Teknisyen
Behçet Dinçer,
Bodrum Kaymakamlığı'na gelerek verdiği yazılı ifadesinde şöyle dedi: “Aslında
makine teknisyeniyim. 1992'de,
Osmanlı Türkleri'nin ördüğü duvarın yıkılarak açılması ile 12 metre derinliğinde yer altındaki mekana ulaştık. Zindan denilen yer top koruganlığıydı. Zindanların 80 metre kadar daha uzakta olduğunu tespit etmiştik, ancak
bütçe elverişli olmadığı için kazı çalışmalarını sürdüremedik. Ancak top koruganlığının içinde de duvarda
esir zincirleri ve işkence aletleri vardı. Bu nedenle dönemin müdürü
Oğuz Alpözen burayı zindan olarak düzenlememizi istedi. Zindana ilk olarak
arkeolog Mehmet Özgenç,
kale şefi Ali Uçarer ile ben girdim ve ilk çizimlerini yaptım. Alpözen, ‘Yaşayan müzecilik yapıyoruz, bu nedenle dikkatleri müzeye ve zindanlara çekmemiz gerek. Sen giriş kapısının üzerine sağ tarafa ‘İnde Deus Abest’ yaz, sol tarafa da
İngilizce ve
Türkçe levhasını asarız’ deyince sakınca görmedim.

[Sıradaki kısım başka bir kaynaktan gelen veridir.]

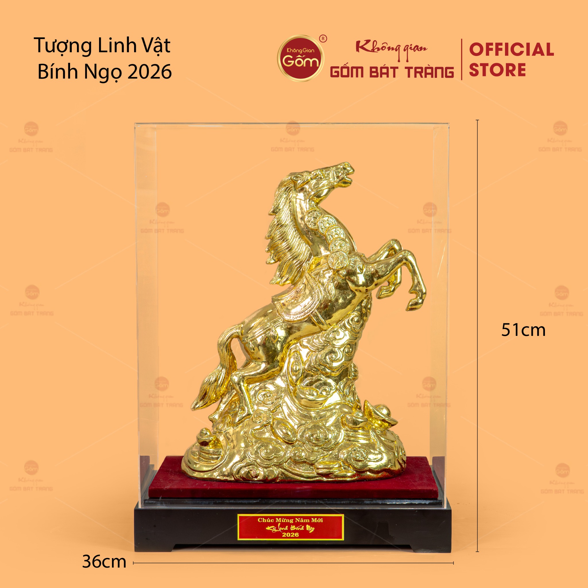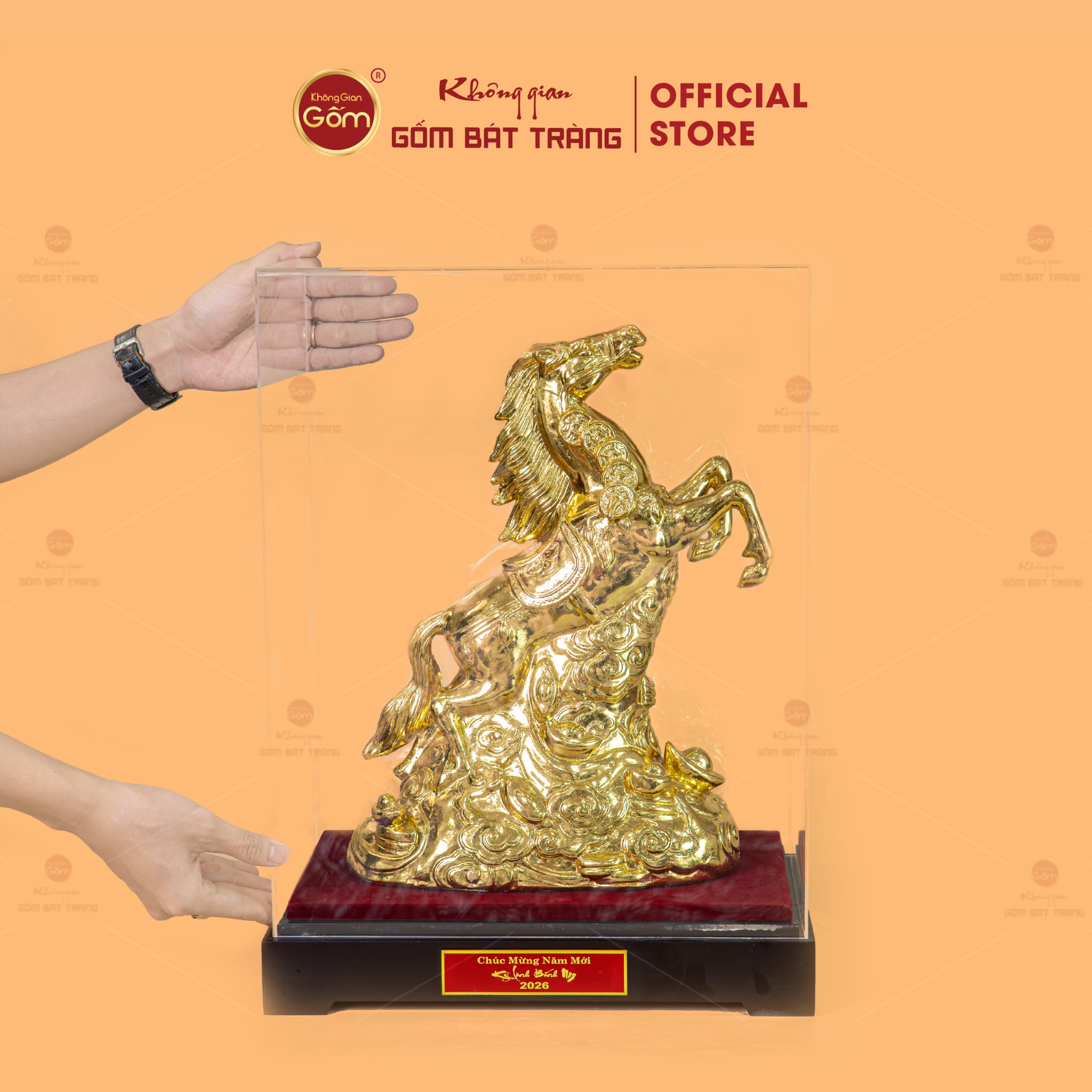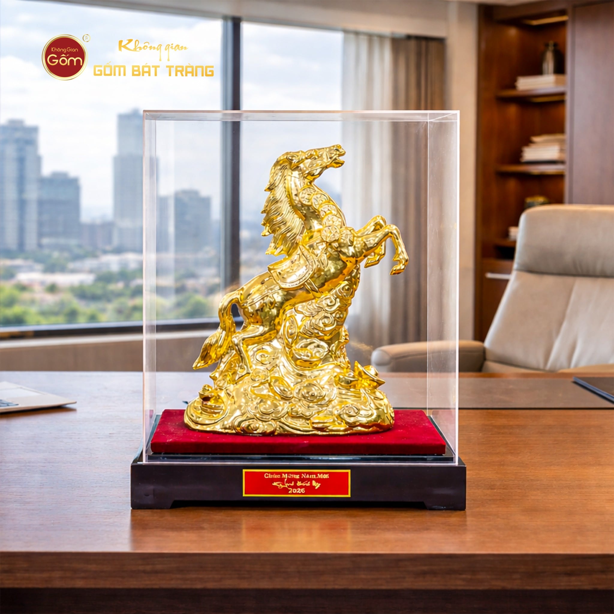 Tượng Linh Vật Ngựa Mạ Vàng được phân phối tại Không Gian Gốm Bát Tràng – đơn vị chuyên cung cấp gốm sứ nghệ thuật, linh vật phong thủy và quà tặng cao cấp mang giá trị thẩm mỹ và văn hóa.

Ben makine teknisyeniyim. Tarihten anlamıyordum. Daha sonra Alpözen her gelene yazının 500 yıllık olduğunu söylemeye başlayınca biz ve kale personeli bu oyuna ortak olduk ve baskılar nedeniyle yıllarca bunun gerçek olmadığını söyleyemedik. Ancak Alpözen beni asla tehdit etmedi. Yıllarca vicdanım huzursuz olarak yaşadım. Alpözen,
emekli olunca bir yazıyla durumu bakanlığa bildirmeyi düşündüm, ancak 1999'da, yazının eski olduğuna dair birlikte ifade verdiğimiz arkadaşlarım zor durumda kalacaktı. Bana dilekçe vermemin hem kendilerine hem de kaleye büyük zararı olacağını söylediler. Ben de ikna oldum. Ancak kaleyi ziyarete gelenleri yanılttık. Bu şu ana kadar verdiğim ilk yazılı ifade. Zaten yazıyı incelemeye gelecek epigrafların yazının yeni olduğunu anlamaları 30 saniyelerini almayacaktır. Olayların buraya kadar uzanacağını, skandal haline geleceğini düşünemedik. Alpözen personeli de tarihi de, müzeyi ziyaret eden on binlerce kişiyi de yanılttı. Gerçek ortaya çıktığı için vicdanım rahat. Tarihi skandalın tanığı olarak bu yükle yaşayamazdım. Bu konuda suçumuz neyse cezasını da çekeriz.”